What you will do:
Please retype the listing below word for word and exclude its images.

Raw data:
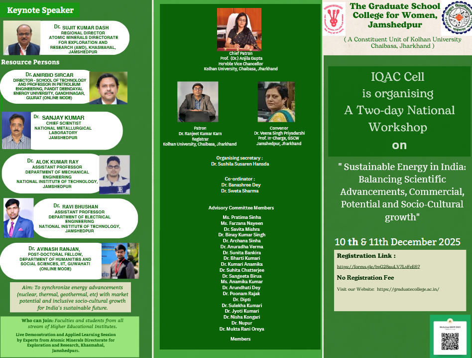 जमशेदपुर के द ग्रेजुएट स्कूल कॉलेज फॉर विमेन में 10 दिसंबर से भारत में सस्टेनेबल एनर्जी पर दो दिवसीय कार्यशाला
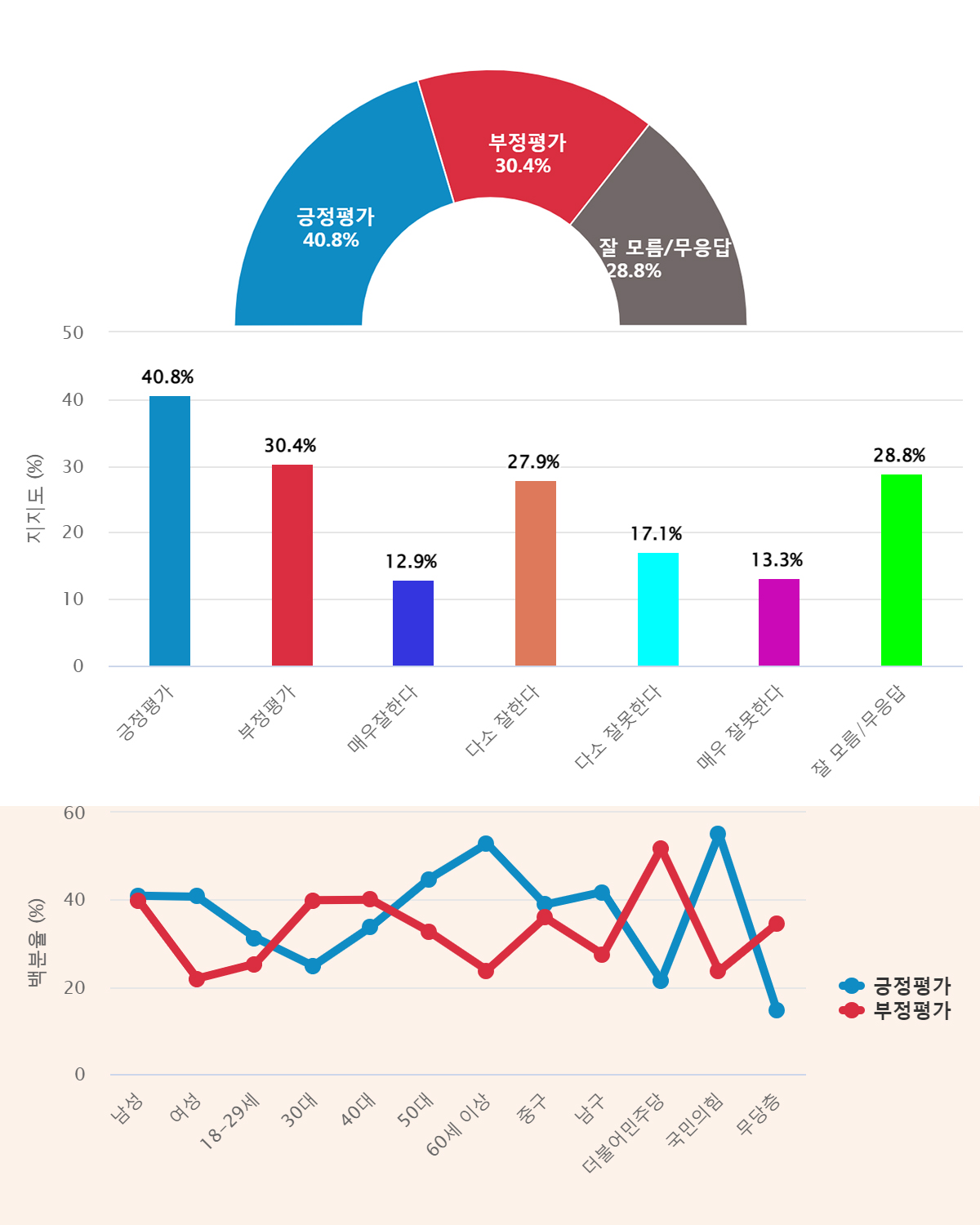 ¡Þ '±àÁ¤Æò°¡' 40.8%, 'ºÎÁ¤Æò°¡'(30.4%)º¸´Ù 10.4%p ´õ ³ô¾Æ
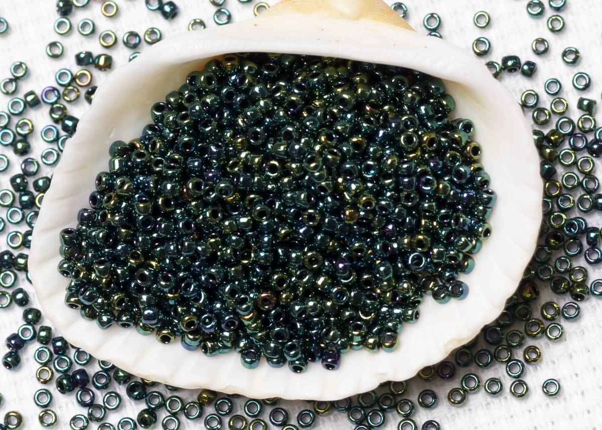 Бисер Япония круглый 15/0 10 г 0506 майский жук ирис, металлизированный золотом

Result below:
 जमशेदपुर के द ग्रेजुएट स्कूल कॉलेज फॉर विमेन में 10 दिसंबर से भारत में सस्टेनेबल एनर्जी पर दो दिवसीय कार्यशाला
 ¡Þ '±àÁ¤Æò°¡' 40.8%, 'ºÎÁ¤Æò°¡'(30.4%)º¸´Ù 10.4%p ´õ ³ô¾Æ
 Бисер Япония круглый 15/0 10 г 0506 майский жук ирис, металлизированный золотом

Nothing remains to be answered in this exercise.